Note d’intentions 1
Engoujure :
Gorge, pratiquée sur quelque chose. Le réa d’une poulie
porte à sa circonférence une engoujure, où s’encastre peu à
peu le cordage.
L’aviron, mis en mouvement par le godilleur, repose dans une
engoujure, à l’arrière du bateau.
Les mains du godilleur décrivent une sorte de 8, pour donner
à la pelle une incidence plus ou moins forte, compatible avec
un écoulement « attaché » (non décoché).
Même si… « l’imagination qui dresse son orgie ne trouve qu’un récif aux clartés du matin », comme le
dit Baudelaire, « chaque îlot signalé par l’homme de vigie est un Eldorado promis par le Destin ».
A ce jour il s’avère en effet que nous pouvons faire le point sur la carte de nos besoins pour
continuer notre navigation… nos recherches nous ayant permis de formaliser les directions d’une
écriture scénique possible.
Ce titre « Engoujures et dame de nage » annonce une circulation - « tirer des bords » - à partir
de la métaphore du phare et de son gardien. Du fond du gouffre obscur, aimanté à son oreille, autour
de la sentinelle circule le son – un abyme béant, et quelquefois un cantique muet. L’oreille au guet dans
un ordre machinal. Un escalier de vertige où s’abîme la lumière à travers l’espace. Le temps est
impassible. Le jour décroît, la nuit augmente. Le vide, le noir, et le nu. Les uvres des artistes dans
notre nuit peuvent être pour nous une manière d’éviter quelques naufrages…
L’ossature principale sera fondée sur le cycle des jours, et la répétition des intermittences
lumineuses et sonores. La métaphore se précisera à travers des textes venant croiser ces feux (Didier-
Georges Gabily, Jean-Pierre Abraham, Malcolm Lowry, Homère, Joyce,…), et des uvres musicales
seront incluses dans le processus (Ligeti, Vivier, Penderecki, Jean-Yves Bosseur,…).
Le processus jouerait le rôle principal. Le questionnement de ce processus est notre premier fil
conducteur.

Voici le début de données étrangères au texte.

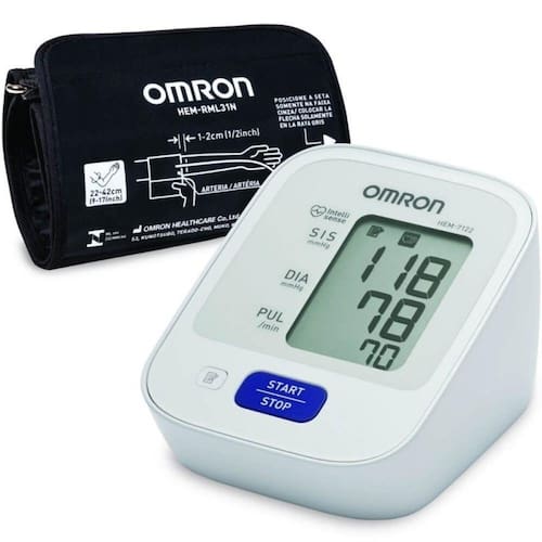 Monitor de pressão automático de braço omron 7122. É fácil de usar, realiza leituras da pressão sistólica, diastólica. Armazena os últimos 30 resultados, detecta arritmia cardíaca e possui indicador de hipertensão.

Ce qui nous intéresse c’est d’interroger la scène en train de se faire et de se défaire, les
questions que pose l’articulation son/lumière.
Différentes « lignes » sonores seront tissées pour jouer de différents temps scéniques. Le
projet sera cette recherche de l’articulation entre cette énergie vibratoire en mouvement dans l’espace
et sa transformation continuelle en direct. Car même si la matière sonore est toujours la matière
signifiante privilégiée, c’est par la sensorialité qu’une partie de la forme de la proposition prendra son
sens, enrichie de l’interaction avec la lumière, l’image, afin de tenter de « déboussoler » l’oreille et l’il
du spectateur
L’image en soi comme mode de pensée, une constellation, une cadence, un rythme. Quelque
chose entre le vu, le chût, et le relevé. La lumière proviendra essentiellement du plateau à partir de 4
propositions : lumières autonomes au plateau (objets scéniques tels que armoires métalliques,
papier,…), lumières portées par les comédiens, projecteurs de théâtre pilotés à partir d’une partition
pour l’écriture d’une polyphonie lumineuse d’éclats et d’éclipses, vidéoprojecteurs. Les projections
seront faites à vue, portées par les acteurs, par une chorégraphie permettant une manipulation
rythmique, jouant sur la variété de configurations, la succession de thèmes, la répétition de gestes.
La conception de l’acteur et son rôle sur scène est toujours au centre des interrogations de cet
Atelier. Acteur musicien (Celui qui ne connaît pas l’oiseau le mange, poésie contemporaine), acteur
chorégraphique (Beckett), acteur porteur du dispositif de lumière. Dans ses gestes et mouvements
l’acteur agissant tous les paramètres du travail en train de se faire (son, lumière, espace), ces forces
étant de l’écriture d’habitude séparées.